Constructing a Life and a Community: A Partial Story of Maggie Lena Walker

Elsa Barkley Brown

"I was not born with a silver spoon in my mouth: but instead with a clothes basket almost upon my head” (1). In this way, Maggie Lena Walker—early twentieth century bank president, political activist, and club woman—described her entry into the world and her understanding of her place in a hierarchical southern society.

Maggie Lena Draper Mitchell Walker was born in Richmond, Virginia, ca. 1867 (2). Her mother, Elizabeth Dra-per, was a young domestic servant in the mansion of Civil War spy Elizabeth Van Lew. Her father, Eccles Cuthbert, was a northern white journalist who frequented the Van Lew house (3). Shortly after Maggie Lena’s birth, her mother married William Mitchell, a butler in the same household and soon-to-be waiter in the St. Charles Hotel. The family moved to College Alley, a location that put them within view of Broad Street, one of Richmond’s main thoroughfares, and just around the corner from First African Baptist Church, Richmond’s oldest and largest black congregation. By engaging in the social life of the neighborhood, Maggie Mitchell could witness firsthand many of the social and political activities of black Richmonders; she also became a fervent (and lifelong) member of First African (4).

As will be seen, Maggie Walker was in many ways a remarkable individual who influenced her Richmond community in profound ways, and as such she is certainly deserving of biographical treatment. Unfortunately, in the case of Maggie Walker, there are some gaps in the sources which historians have traditionally used to write biography. Many social historians, in fact, have encountered this problem in their wish to study individuals other than politicians, industrialists, and other elites. Fortunately, such problems can be surmounted by looking to different types of sources. In Walker’s case, community records viewed in conjunction with her diary and various personal papers provide important context for her life’s work. Although we still do not know all we would like to know about individuals like Maggie Walker, her story is important and should be told.

On the streets and especially in the church, Maggie Mitchell from an early age had a view of women engaging in public life, developing community institutions, and contesting race and gender prescriptions. African-American women during Walker’s time often faced dire economic straits. When she wanted to emphasize the paucity of jobs available to black women, especially as work in the city’s tobacco factories closed to them, she would point out that black women had only three occupations: domestic worker, teacher, and church builder. The last reference signaled how seriously she took the notions expressed years earlier; she continued to argue that women’s contributions were indeed a vital form of labor, even though unwaged.

In constructing her political arsenal, Maggie Mitchell Walker frequently turned to the church (6). Biblical language undergirded most of Walker’s speeches and scripture served as her most effective means of arguing for women’s rights (7). Certainly she had learned her Bible in First African but she may also have been influenced by the women who were known throughout the community as the authors of prominent male ministers’ sermons or those few women who themselves established reputations as “soul-stirring” preachers. One of these was the Rev. Mrs. Carter, of whom it was said, “Many fell out at her preaching” (8).

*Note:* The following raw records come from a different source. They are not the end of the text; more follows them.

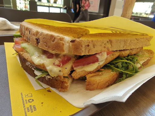 Yes, this place is just a sandwich shop located in a mall. Big deal, right? Well first I’ll bore you with the details of why they earned 3 stars for the usual stuff: Food: great—Do not be mistaken, these sandwiches are made for giants. They’re huge. It’s so hard to find a real American breakfast sandwich in Italy so it was a real treat to indulge in such bacon eggery! Price: really good value when you consider the portions & quality. Better than expected. Place: small fast food style restaurant with seating that spills out into the mall area. Sundays apparently they’re extra busy because some of the other places are closed. Now this is where it gets interesting & they earn an extra 2 stars. Service: I didn’t get the name of the gentleman that happened to be working that day but I wouldn’t be surprised if it was One Man Band Sandwich Shop Machine. This guy was running the whole restaurant alone during lunch time on a weekend. Not only that, he was killing it! He tended to the counter, made the food, & maintained the dining room clean, observing COVID rules. All while sporting a positive attitude & smile even when customers made ridiculous requests. As an F&B professional myself I sure love to notice the bad things people in restaurants do but this guy deserves a prize AND some extra help, please. Get this guy some backup before his...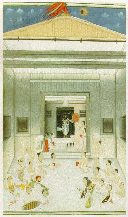When the actual eclipse starts, sit in front of Thakurji and recite Kirtans.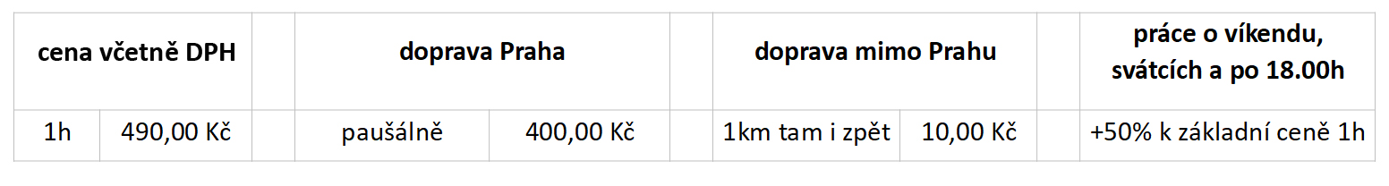 zahrnuje celkovou cenu za odpracovaný čas, včetně případného zaměření či konzultace, nákup i cenu materiálu,

Maggie Walker’s prominence provided a sharp challenge to the complex gender relations that existed in the African-American community during the last years of the nineteenth century. A local black newspaper, the Richmond Planet, reported intra-racial gender disagreements as if they were commonplace occurrences. First African debated women’s attendance at church meetings. The Virginia Baptist saw a threat to “womanliness” when women exceeded their proper place in the church by attempting to preach and their proper place in the community by the “deplorable” effort to “exercise the right of suffrage” (9). Thus, by the early twentieth century when Walker had established her own leadership, things had not changed much within First African, and she was nearly unique in her ability to speak in church meetings and participate in church business. (She was chief financial advisor, developing the church budget.) Yet it would be hard not to imagine the women within her church and her community who petitioned, wrote sermons and preached establishing a precedent for Walker’s own sermonizing and her understanding of women’s rights.

Other communities of women also influenced her development. After William Mitchell’s mysterious death in 1876, Maggie helped her mother in her work as a laundress and with the care of her younger brother, Johnnie. Laundry work was a traditional occupation of African American women, especially married women who desired time at home to care for children and time to partake in community activities (10). Rather than confine themselves to their individual homes for a day of solitary drudgery, however, women often organized to collectively scrub, rinse, starch, iron, and fold the pounds of laundry. Some laundry women actually became entrepreneurs, contracting all of the work themselves and hiring the other women who worked with them (11). Many of these days spent scrubbing were also spent organizing; a number of churches, schools and recreational centers grew out of the discussions among washerwomen about the need for these community institutions (12).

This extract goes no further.